EP recently wrote, “Business is all about relationships and one of the most common discussion pieces of the modern era is how many companies are being driven by their internal processes rather than focusing on building great relationships.”
There is no doubt that spending time with clients externally can enhance a relationship and can lead to business success. Nothing beats travelling to meet someone and cementing a relationship with them. However, as the world of work has changed and digitally enhanced options have become the norm, companies may have become too internally focused. Taking the example of corporate travel, businesses appear to be restricting their employees’ movement and this is now starting to be seen in the hotel industry.
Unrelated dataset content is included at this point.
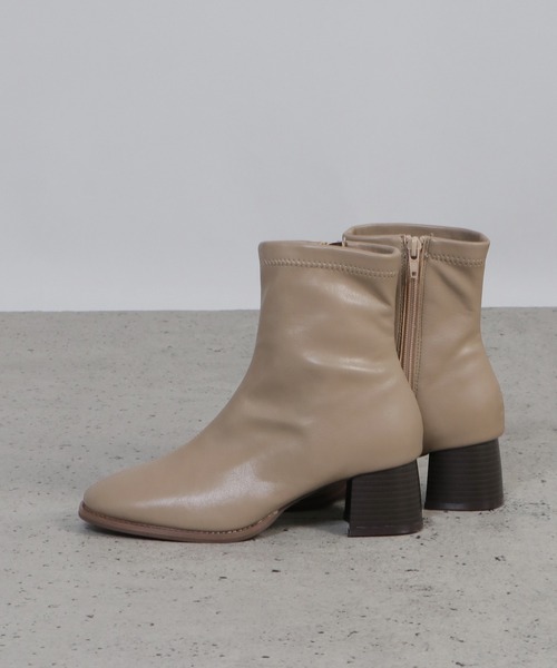 ストレッチ性があり、快適な履き心地を叶えるブーツ。便利なサイドジップ仕様にしています。太ヒールで歩きやすくて、デイリー使いにオススメです。【素材】艶感のあるレザータッチの素材。【デザイン】センターシーム形状のハーフ丈のブーツです。裏地・クッションの使用を変更しているのがしているのが昨年からの変化ポイント!【ikkaポイント】1. フカフカな2層構造(高・低反発)のクッションを使用2. 裏地は通気性の良いウレタンメッシュを使用3. 2E構造(幅広)でゆったり足入れ

The argument could be because of overheads but it may also be related to the digitally connected world and the dependence on technology.
In the U.S. hotel occupancy was the highest its ever recorded during a second quarter – 69.5, according to STR. However the CEOs of both Hilton and Marriott International have noted that corporate travel is weakening.
Hilton CEO Christopher Nassetta argued the corporate travel environment would feel the benefit of tax reforms to “help change the psychology with our corporate customers.”
Marriott CEO Arne Sorenson echoed similar sentiments, saying “companies…are being very cautious about travel and very cautious about managing expenses.”
It is really a price sensitivity issue?
Or are companies no longer focusing on the need for relationships and instead relying on brands and digital activities to do the work for them? Companies may be cutting costs by stopping travel but this action could appear pessimistic for their employees and hinder that relationship.
There is no greater way of showing someone cares than meeting a client and discussing what their business objections are. Building trust, increasing sales, gaining advocates – the obvious reasons are there but it seems some have forgotten this.